This was a retrospective study. A total of 80 nonduplicate clinical isolates of S. maltophilia were obtained randomly from several hospitals in Tehran, Iran, from January 2018 to January 2019. The laboratory employed standard biochemical methods to identify the isolates. To confirm the S. maltophilia isolates, 16S rRNA gene amplification and sequencing techniques were employed (as indicated in Table 1) [34]. The isolates were stored in the Luria–Bertani (LB) liquid medium (Merck company-Germany) supplemented with 20% glycerol and maintained at −70°C. Additionally, quality control strains, including Escherichia coli ATCC 25922 and Pseudomonas aeruginosa ATCC 27853, were included in the study.

Table 1. Oligonucleotide primers used in this study.
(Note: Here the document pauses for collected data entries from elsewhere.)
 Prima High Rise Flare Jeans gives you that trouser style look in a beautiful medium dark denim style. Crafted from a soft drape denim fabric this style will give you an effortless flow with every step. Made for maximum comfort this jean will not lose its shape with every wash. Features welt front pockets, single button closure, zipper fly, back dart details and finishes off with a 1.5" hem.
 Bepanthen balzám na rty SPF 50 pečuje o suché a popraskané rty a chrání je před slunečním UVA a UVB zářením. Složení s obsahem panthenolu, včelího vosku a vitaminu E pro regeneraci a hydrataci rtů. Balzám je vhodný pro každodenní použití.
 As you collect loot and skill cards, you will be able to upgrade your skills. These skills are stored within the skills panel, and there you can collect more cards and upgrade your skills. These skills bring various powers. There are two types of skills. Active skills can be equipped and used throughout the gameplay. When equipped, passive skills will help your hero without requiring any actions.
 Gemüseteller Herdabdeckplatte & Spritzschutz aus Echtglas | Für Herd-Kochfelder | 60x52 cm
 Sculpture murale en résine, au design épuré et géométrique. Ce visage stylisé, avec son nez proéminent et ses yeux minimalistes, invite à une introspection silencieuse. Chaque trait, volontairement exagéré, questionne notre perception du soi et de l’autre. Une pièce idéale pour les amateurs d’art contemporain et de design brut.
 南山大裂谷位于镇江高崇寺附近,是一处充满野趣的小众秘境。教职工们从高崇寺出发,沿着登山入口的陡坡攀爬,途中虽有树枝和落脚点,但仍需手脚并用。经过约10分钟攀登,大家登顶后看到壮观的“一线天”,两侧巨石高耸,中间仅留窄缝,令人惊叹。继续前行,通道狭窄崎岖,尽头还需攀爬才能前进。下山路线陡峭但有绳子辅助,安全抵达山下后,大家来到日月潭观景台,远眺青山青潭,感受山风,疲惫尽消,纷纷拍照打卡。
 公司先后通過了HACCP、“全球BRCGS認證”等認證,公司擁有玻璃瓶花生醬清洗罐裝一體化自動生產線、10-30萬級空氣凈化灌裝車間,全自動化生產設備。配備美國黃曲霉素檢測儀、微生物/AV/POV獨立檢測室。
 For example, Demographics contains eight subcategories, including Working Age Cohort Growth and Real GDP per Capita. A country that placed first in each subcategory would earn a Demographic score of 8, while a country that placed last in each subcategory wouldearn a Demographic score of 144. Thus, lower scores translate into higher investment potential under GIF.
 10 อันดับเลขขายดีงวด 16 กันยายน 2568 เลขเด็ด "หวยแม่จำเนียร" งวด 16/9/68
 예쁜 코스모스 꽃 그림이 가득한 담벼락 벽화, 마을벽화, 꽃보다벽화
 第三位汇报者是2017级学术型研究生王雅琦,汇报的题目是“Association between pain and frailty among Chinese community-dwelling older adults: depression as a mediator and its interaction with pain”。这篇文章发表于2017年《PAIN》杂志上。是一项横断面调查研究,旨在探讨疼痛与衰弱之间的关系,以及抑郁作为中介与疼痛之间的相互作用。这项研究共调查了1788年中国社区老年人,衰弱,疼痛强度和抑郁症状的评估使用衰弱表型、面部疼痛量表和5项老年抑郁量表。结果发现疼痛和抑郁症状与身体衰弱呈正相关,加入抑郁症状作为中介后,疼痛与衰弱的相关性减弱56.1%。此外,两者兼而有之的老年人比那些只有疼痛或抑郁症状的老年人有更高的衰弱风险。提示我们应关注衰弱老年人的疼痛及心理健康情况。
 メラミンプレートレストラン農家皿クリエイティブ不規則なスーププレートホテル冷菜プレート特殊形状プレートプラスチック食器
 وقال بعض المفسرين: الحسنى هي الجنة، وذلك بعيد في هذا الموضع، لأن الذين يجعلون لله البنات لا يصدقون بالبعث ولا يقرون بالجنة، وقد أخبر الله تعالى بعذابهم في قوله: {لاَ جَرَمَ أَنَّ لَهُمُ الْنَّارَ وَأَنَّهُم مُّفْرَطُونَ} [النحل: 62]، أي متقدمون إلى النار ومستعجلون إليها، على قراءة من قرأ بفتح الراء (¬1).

Gene	Primer sequences 5“-3”	Amplified fragment (bp)	Reference
Primers for amplification of resistance and virulence factor genes
16srRNA	F: AGTTCGCATCGTTTAGGG	762	[30]
16srRNA	R: ACGGCAGCACAGAAGAGC	762	[30]
bla_L1	F: ATCTACGGCTGATCCTGCTC	373	[24]
bla_L1	R: GGATAGCGTGCGTTGTACTG	373	[24]
bla_L2	F: CGATTCCTGCAGTTCAGT	905	[21]
bla_L2	R: CGGTTACCTCATCCGATC	905	[21]
stmPr1	F: TGAAAGCAAATGCGCCGTT	850	[16]
stmPr1	R: GTGATGGCGTCGGTGATGTC	850	[16]
stmPr2	F: GCCGATTCCGGCATTCACACC	1764	[13]
stmPr2	R: GGTCAGGCCCGAGAAGGTGCT	1764	[13]
virB	F: GCATCATGCAGAACGAGCTG	1075	[16]
virB	R: GACGGCTCGTACTTCTGCAC	1075
hlyIII	F: CGTCCATTGCTTCGATCCGTG	605
hlyIII	R: GACGAAGTGGCAGACGCTG	605
pilU	F: CGACCACCATCGATTTCACTTCG	778
pilU	R: GACAGGTCCATCAGCAGCTG	778
papD	F: CACGCGAGTGATCTATCCGG	579
papD	R: GTGATGAAGCGCACCTGGTC	579
fliC	F: CGATCTCCGAGCGCTTCG	296
fliC	R: GAACAGCTGGCTGGAGAACG	296

Primers used for MLST
atpD	F: ATGAGTCAGGGCAAGATCGTTC	854	[33]
atpD	R: TCCTGCAGGACGCCCATTTC	854
gapA	F: TGGCAATCAAGGTTGGTATCAAC	800
gapA	R: TTCGCTCTGTGCCTTCACTTC	800
gapA	F: AGGAGCTTGAGAAATGGCAA	975
gapA	R: GAGTAGCCCCACTCGTTGTC	975
guaA	F: AACGAAGAAAAGCGCTGGTA	700
guaA	R: ACGGATGGCGGTAGACCAT	700
mutM	F: AACTGCCCGAAGTCGAAAC	614
mutM	R: GAGGATCTCCTTCACCGCATC	614
nuoD	F: TTCGCAACTACACCATGAAC	514
nuoD	R: CAGCGCGACTCCTTGTACTT	514
ppsA	F: CAAGGCGATCCGCATGGTGTATTC	612
ppsA	R: CCTTCGTAGATGAA(A/g)CCGGT(A/G)TC	612
recA	F: ATGGACGAGAACAAGAAGCGC	783
recA	R: GGTGATGACCTGCTTGAACGG	783

atpD (H(+)-transporting two-sector ATPase)
gapA (NAD-dependent glyceraldehyde-3-phosphate dehydrogenase)
guaA (GMP synthase [glutamine-hydrolyzing])
mutM (DNA-formamidopyrimidine glycosylase)
nuoD (NADH dehydrogenase [ubiquinone])
ppsA (Pyruvate, water dikinase)
recA (RecA protein)

2.3. Antimicrobial Susceptibility Testing (AST)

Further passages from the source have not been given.